:: DATASET SECTION ::
□ □ □ □ □

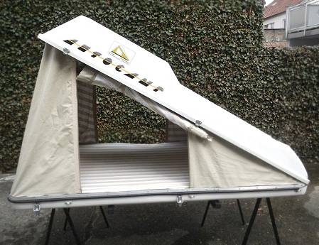 Mod. 130 x 210 cm, geschlossen h: cm 30, geöffnet h: cm 92, Gewicht ca.: 56 kg, also von 2 Personen gut handlebar, besonders auch für SUVs geeignet.
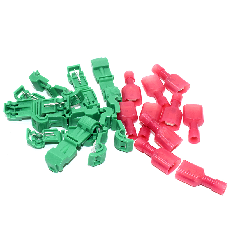 Green T4 0.5-1.5mm2 Cable / T-Tap Wire Connector Self-Stripping Quick Splice Electrical Wire Terminals Insulated Quick Disconnect Spade Terminal For Hard Wire
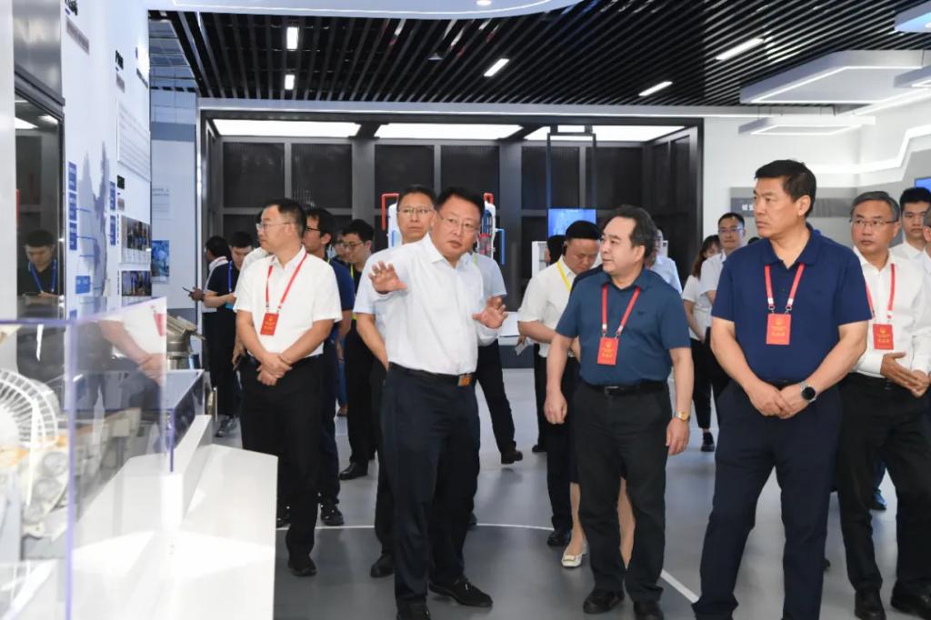 在东方电气科技展示厅,代表们详细了解了东方电气集团的经营管理、发展历程、产业布局、科技创新、装备制造等方面情况。

□ □ □ □ □

:: PROBLEM DETAILS ::
Could you write out exactly the lines from the line containing "Green T4 0.5-1.5mm2" to the end of the material, and nothing else? No pictures belong in the copy.

:: TASK OUTPUT ::
 Green T4 0.5-1.5mm2 Cable / T-Tap Wire Connector Self-Stripping Quick Splice Electrical Wire Terminals Insulated Quick Disconnect Spade Terminal For Hard Wire
 在东方电气科技展示厅,代表们详细了解了东方电气集团的经营管理、发展历程、产业布局、科技创新、装备制造等方面情况。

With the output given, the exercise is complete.